To prevent this the application needs to reduce your ALIAses down to their roots to separate the key ones from the duplicates and that is virtually impossible to do given the infinite recursion.

There is no need to reduce anything to their roots, and infinite recursion has nothing to do with this. What you call virtually impossible are simple matching algorithms I’ve been writing for a decade. What you may not realize is that it is the recursion that makes this so simple to do. It makes the user interface easy, it makes the algorithms easy, it makes the conception of the model easy.

Similarly, it makes it extremely difficult to validate since your conclusions are spread amongst a multitude of Person fragments.

They are not spread out amongst a multitude of fragments. They are organized into a tight tree structure that exactly matches the decisions and conclusions you made in deciding which of your source records refer to each of your persons. Your conclusions are organized for you in the best possible manner. Writing proof statements in an N-tier system is a dream come true.

As a researcher I am trying to model the real world. To that end my Persons represent real people who I am researching and trying to come to conclusions on. They do not/should not represent fragmented bits of source data. The place for that is within the interpretation of each Source.

This is the argument that every person record in a database should represent a real individual. I’ve called this the conclusion-only argument for twenty years. This is also @lkessler’s anti-persona argument. He too wants to put the evidence in the source records. Conclusion-only desk top programs essentially stopped all advancement in genealogical software twenty-five years. There are essentially no differences between desktop systems today. They all compete by the slickness of how you enter data, how they claim to support citations, whether or not you can add photos, whether or not you can tweet your relatives and whether or not you can inspect data from on-line services. Whoop-tee-doo. There has been little advancement in the support of the processes of actually doing genealogy during this time. Maybe my N-tier approach is not that answer, but continuing to stick to a conclusion-only model has a decades old history of not being the answer.

@EssyGreen
Copy link

@ttwetmore

OK so if it's so easy then why, in the "20 years" you've been obsessed with your version of N-tier, haven't you yet written that killer app using existing GEDCOM - since it nigh as dammit supports exactly the type of thing you require with its ALIAs links?

@ttwetmore
Copy link

@EssyGreen
Good question. I have written this application in a non-genealogical domain, where billions of person records are extracted via NLP from the world wide web, and then combined based on many properties, but primarily on their names, the companies they work for, the positions they hold at those companies, and their locations. Since there are billions of records in this application, I wrote matching algorithms that build up the N-tier structures automatically by finding efficient ways of dealing with the O(n-squared) comparison issues by using many different comparison and combination phases. As the billions of original records (personas in the genealogical terminology) are combined down to a few million business professional profiles (called conclusion persons in genealogical terminology), the N-tier structures that build up show the combination history. The properties of the final individuals, called the person's profile in this application, are automatically computed from the personas in the N-tier structure. In this application the N-tier structures can grow to over ten tiers, and celebrity persons (e.g., Bill Gates, who is mentioned throughout the web) may have over 100,000 "personas" in their final N-tier structure.

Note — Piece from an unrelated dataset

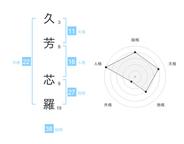 久芳 芯羅さんを姓名の画数から五運を鑑定
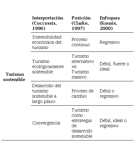 Esas razones demuestran la necesidad del concepto de sostenibilidad aplicado al turismo, el cual se fundamenta en la práctica de estrategias innovadoras, con fines de la preservación de estos espacios, integrando los aspectos ambientales, socioculturales y económicos, logrando la satisfacción, tanto de las necesidades de los visitantes, como las de la industria y del entorno de dichas localidades por medio de prácticas que contribuyan a su crecimiento. (OMT - PNUMA, 2005). Para complementar la idea anterior, la Tabla 1 presenta la perspectiva de distintos autores respecto a «las interpretaciones y alcances del turismo sostenible» (Bertoni, 2008, p. 158).

In the genealogical application one would not use algorithms to automatically combine the persona records into N-tier structures, but the combination algorithms would be converted to make high-liklyhood suggestions of which personas match others personas or person-trees (shaking leaf algorithms), leaving it up to the user to accept the suggestions or not.

During the five years I worked on this problem, I implemented the solution three times, each time refining ideas. The first implementation was 2-tiered, written in C++, and used a highly normalized relational database. The 2-tiers lost all history of the combination, which made tuning the combination algorithms nearly impossible. The final implementation was N-tiered, written in Java, and used a document database with full text indexing. I wrote software to visualize the N-tier structures. The main purpose of the visualization was to aid me in tuning the combination phases. In a genealogical application the visualization would be used to help users manipulate their data (i.e., proceed with the genealogical research process).

To see the results of these algorithms see the website ZoomInfo and search for a few names of people you know in industry. Every profile you see is automatically generated on the spot from an N-tier structure of person records that the combination algorithms described above have built. This application is fully automatic. No human being ever creates or modifies these profiles.

I took the job at this company because I had been interested in the genealogical application of these ideas for a long time, and working for this company seemed the best way to get access to a bulk of data sufficient to truly test out the algorithmic ideas, and to experiment and refine those ideas (and get paid). I am now semi-retired and able to spend some time working on the purely genealogical applications of these ideas, which I call DeadEnds.

You can argue whether the ZoomInfo application is sufficiently similar to any problem in the genealogical domain, that even talking about it makes any sense. I see that application as analogous to the genealogical research problem. Others may see no resemblance at all. But I would like to counter some of the concerns that an N-tier approach is conceptually or practically difficult to work with. If it can be made to work effectively in a world where there are billions of records, it can certainly be made to work in applications that use orders of magnitude fewer persona records.

@lkessler
Copy link

Tom,

Thank you for providing the background that provides the foundation of your thinking behind your N-tier persona-based system.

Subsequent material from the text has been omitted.